Un sport convivial. De quoi s’agit-il ? Peu de gens ont entendu parler de cette pratique locale, typiquement israélienne, qu’on ne trouve nulle part ailleurs dans le monde. Certains ont cru un moment en l’existence d’une variante au Japon. Mais après une étude approfondie, les spécialistes ont conclu qu’il s’agissait d’une rumeur. Il n’y a désormais plus de doute sur le sujet, le débat est clos. Tous les Israéliens revenus de voyage du Japon peuvent témoigner que la coutume locale est beaucoup moins ancrée dans la société et surtout beaucoup moins répandue qu’au pays des Hébreux.

Toute tentative d’analogie avec d’autres sports a également échoué : ce n’est ni du rugby, ni de la lutte gréco-romaine, ni du basket, ni du catch, ni du décathlon. Pour pratiquer ce sport, point n’est nécessaire de porter une tenue particulière ni de disposer d’ustensiles. Ni ballon ni raquette.

Toutefois se munir d’un objet du quotidien, une sacoche, un sac ou tout autre colis volumineux peut présenter un certain avantage. Il convient de rester soi-même pour y participer, c’est tout le charme et l’enjeu de ce jeu : un sport très ouvert, festif et démocratique. Il n’y a aucune limitation d’âge, de poids ou de taille. Femmes, hommes et autres sont acceptée-és-eeé-éee-é嬥-eeé-ées.

Il n’en demeure pas moins que les règles sont strictes. En premier lieu, on commence par constituer deux équipes : c’est d’ailleurs le principe le plus important. Certains puristes souligneront qu’on pourrait théoriquement y jouer avec une seule équipe mais tout le monde s’accorde à dire que ce serait beaucoup moins drôle et moins fidèle à l’esprit de ce divertissement populaire.

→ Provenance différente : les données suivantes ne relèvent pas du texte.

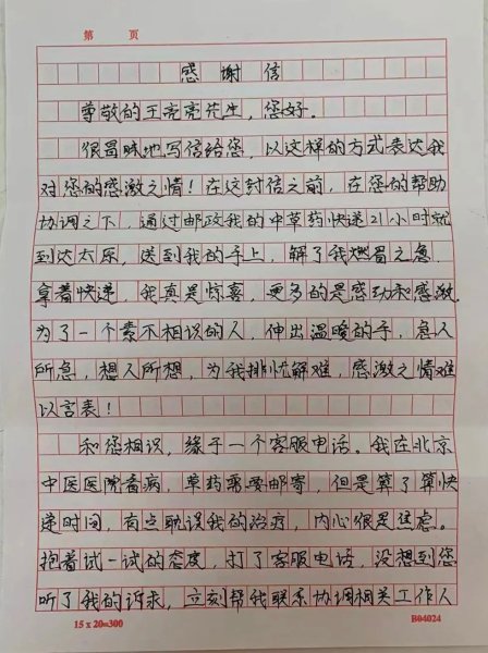 收到郵件,洪女士十分感動與感謝,她寫了一封信郵寄到北京郵政。信中她這樣說: 最讓我感動的是您時刻牽掛著我的快遞,犧牲周末的休息,早上6點第一時間告訴我快遞信息,對于一個身患疾病渴望及早治療的人來說,這份關心是多么及時,多么溫暖,多么珍貴! 我深切地感覺到一名普通郵政員工,不僅敬業專業,更是一個有溫度有愛心的善良之人。通過您,通過郵政客服窗口,讓我重新認識了一個有速度、有效率更有溫度的郵政!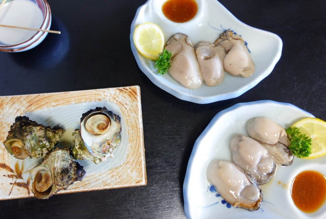 食べたメニュー「岩ガキ」「サザエのつぼ焼き」

Une fois constituées, les équipes n’ont pas de nom ni de couleur et peuvent se composer d’autant de joueurs qu’elles le souhaitent. Ici aussi, la tradition recommande un nombre de joueurs équivalent dans les deux équipes – mais la liberté et la souplesse sont des valeurs consubstantielles à cette pratique. On a déjà vu des équipes de cinquante affronter des équipes de trois, mais c’est moins amusant que lors d’un équilibre des forces.

Autre règle de ce sport si particulier : les participants savent qu’ils risquent de recevoir des coups, parfois même de se blesser ou de blesser les autres.

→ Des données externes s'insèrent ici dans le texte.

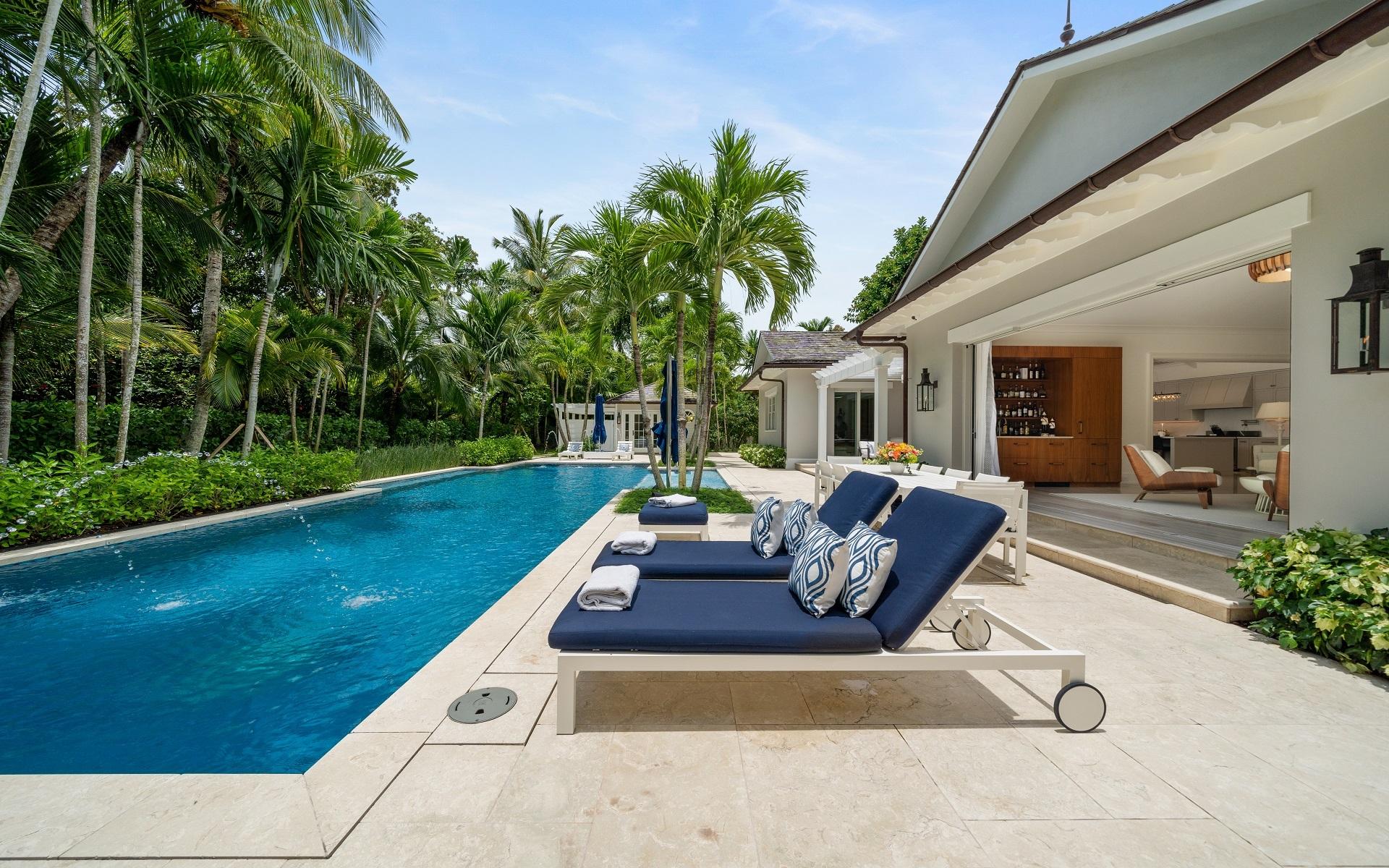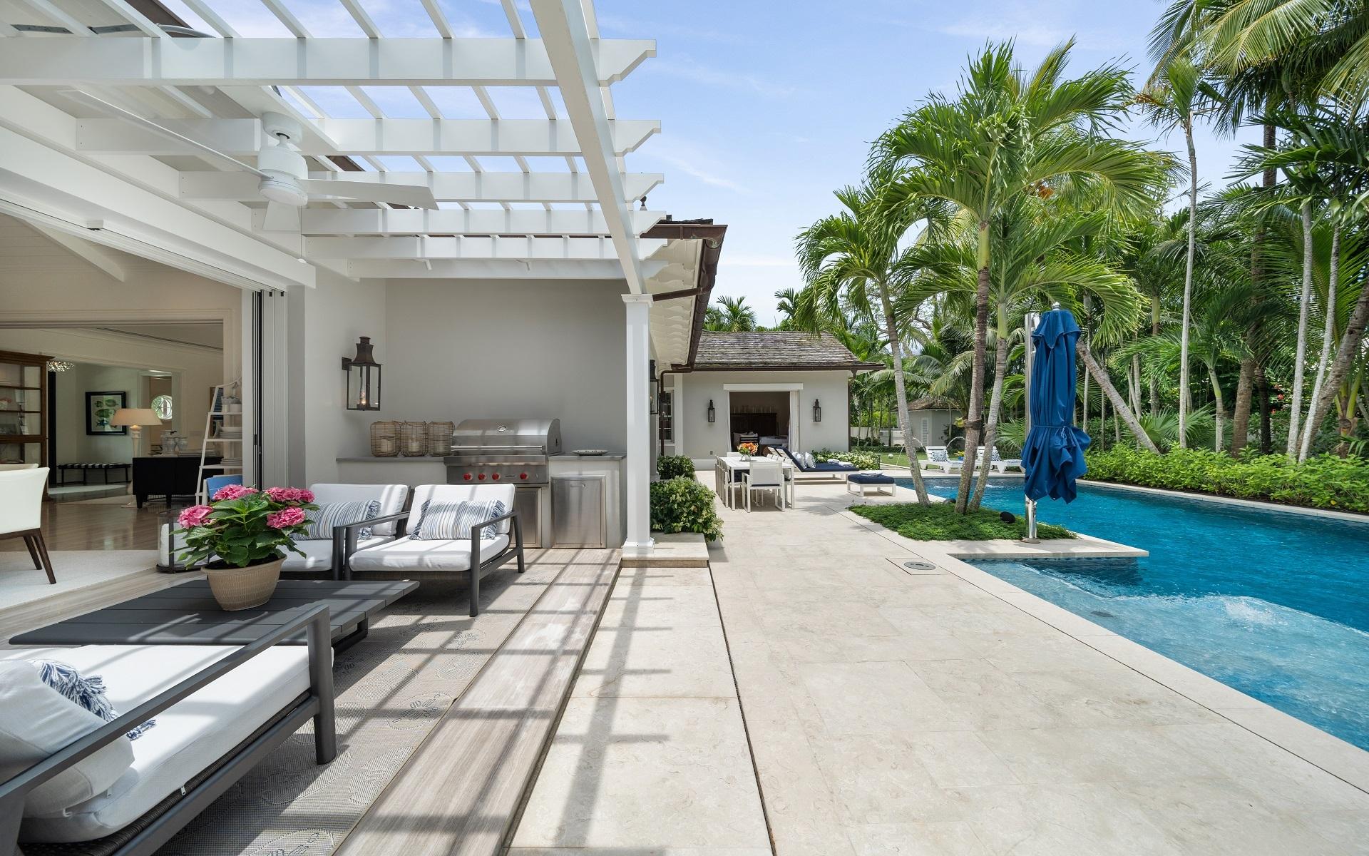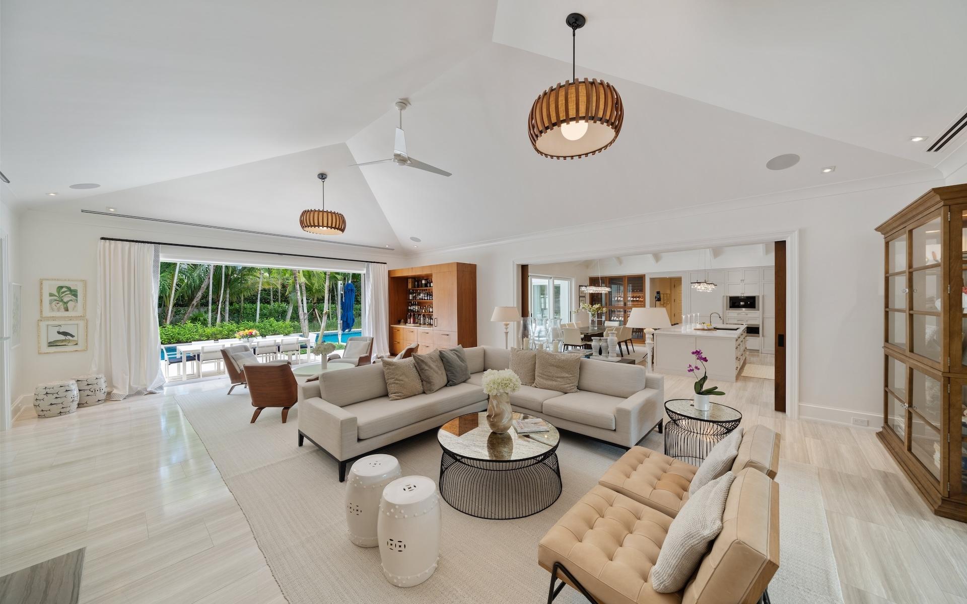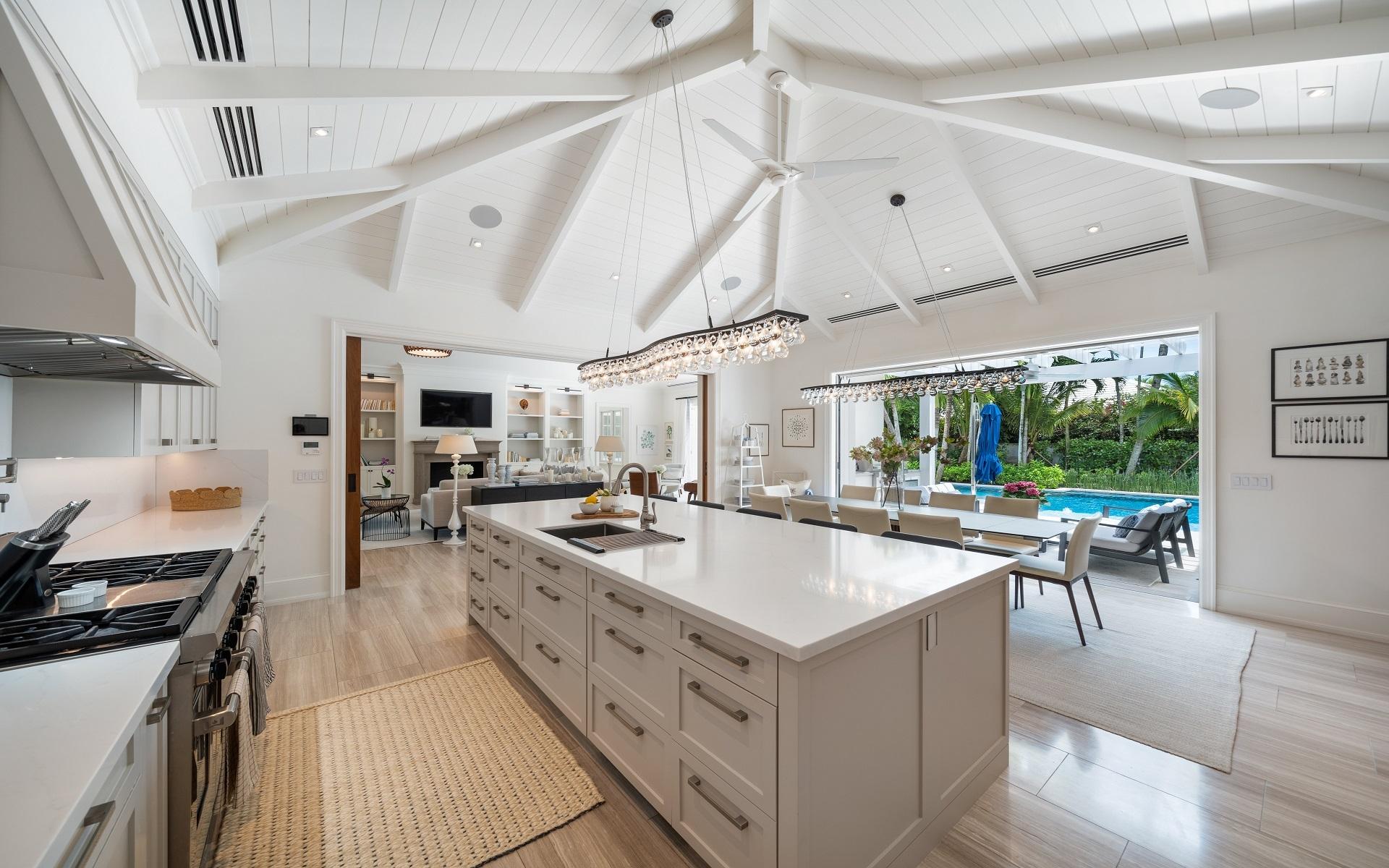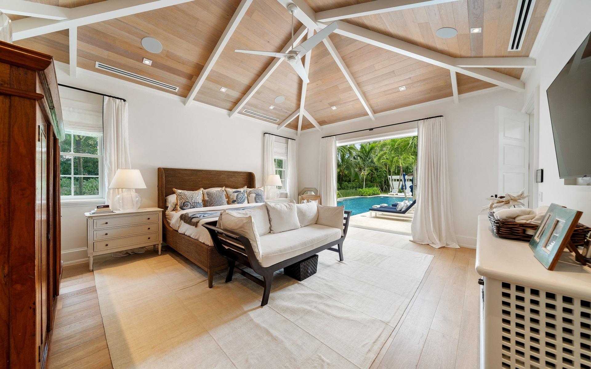 Carlea House is a beautifully renovated four-bedroom residence situated on Chelsea Place in the prestigious Lyford Cay community. The 5,214 sq ft home sits on 0.55 acres. Built by E.P Taylor and designed by John Volk, it was home to the original manager of the Lyford Cay Club. Although the home underwent a complete modern, custom renovation in 2019, the original front wall façade and the classic Lyford Cay rooflines preserve the charm. Then in 2024, it was reimagined in the eyes of international architectural and interior design firm Noorani Greiner who brought a warmth and comfort to a this contemporary island home. At the front of the house, one is greeted by six Hong Kong orchid trees, spaced along the street easement. Many of the palm trees were original to the property and preserved during construction, then replanted to maximize the new layout. The mature and extensive landscaping includes the original rubber trees flanking the east and west boundary and over 100 palm trees providing an oasis of privacy in the rear of the property and a sense of belonging from the street.

Pour autant, les israéliens adorent y jouer, régulièrement, sans jamais envisager de souscrire à la moindre assurance. Comment expliquer cette prise de risque si peu responsable ? Peut-être parce qu’en Israël le risque fait partie du quotidien, le risque est assumé dans tous les domaines.

Ainsi, nous savons tous plus ou moins confusément à Haïfa, Tel Aviv ou Ashdod, que les missiles iraniens du Hezbollah ou du Hamas sont pointés sur nos têtes. Nous le savons tous, mais cela ne nous empêche pas de vivre, de travailler, de faire la fête et de nous plaindre de tout comme si les choses les plus futiles avaient tellement d’importance.

Si un des joueurs a reçu un coup qu’il juge un peu fort, il a bien entendu le droit de se plaindre. Mais il faut savoir qu’en absence de tout arbitre officiel, ce sont les passants – même ceux qui ne participent pas au jeu lui-même – qui deviennent potentiellement les juges et ont le droit de distribuer des cartons jaunes ou rouges.

En général, ces arbitres amateurs sont très vocaux et animés mais il ne faut pas s’en émouvoir outre mesure.

Il arrive fréquemment que les embrassades fassent suite aux échanges houleux.

Quoi qu’il en soit, ce sport n’a aucun rapport avec la situation politique ou sécuritaire. Les minorités ultra-orthodoxes et arabes du pays y participent bien volontiers.

On remarquera qu’il n’existe pas une seule équipe de football ultra-orthodoxe alors que la pratique dont il est question ici devient des plus en vogue dans les rues de Jérusalem, en particulier dans les quartiers de Ramot et Bait Vegan.

On peut parfois y assister à de magnifiques matchs entre des équipes de joueurs de différentes obédiences : arabes chrétiens ou musulmans, druzes, juifs traditionalistes ou orthodoxes, sionistes de gauche, intellos post-modernes, athées déconstructionistes et on observe même des écolos végétariens y participer avec ferveur.

Traditionnellement, ce sport se pratique dans la rue mais, attention, pas n’importe laquelle. Certains endroits spécifiques sont plus propices que d’autres, en général les stations de bus. Les quais des gares sont aussi appréciés des adeptes.

On ne réclame aucune cotisation pour ce sport, tout est entièrement gratuit. Dans tous les cas on recommande de payer son titre de transport, même pour ceux qui ne comptent pas prendre le train. Les contrôleurs refusent systématiquement le prétexte des joueurs sans billet qui cherchent à pratiquer leur passion sur les quais.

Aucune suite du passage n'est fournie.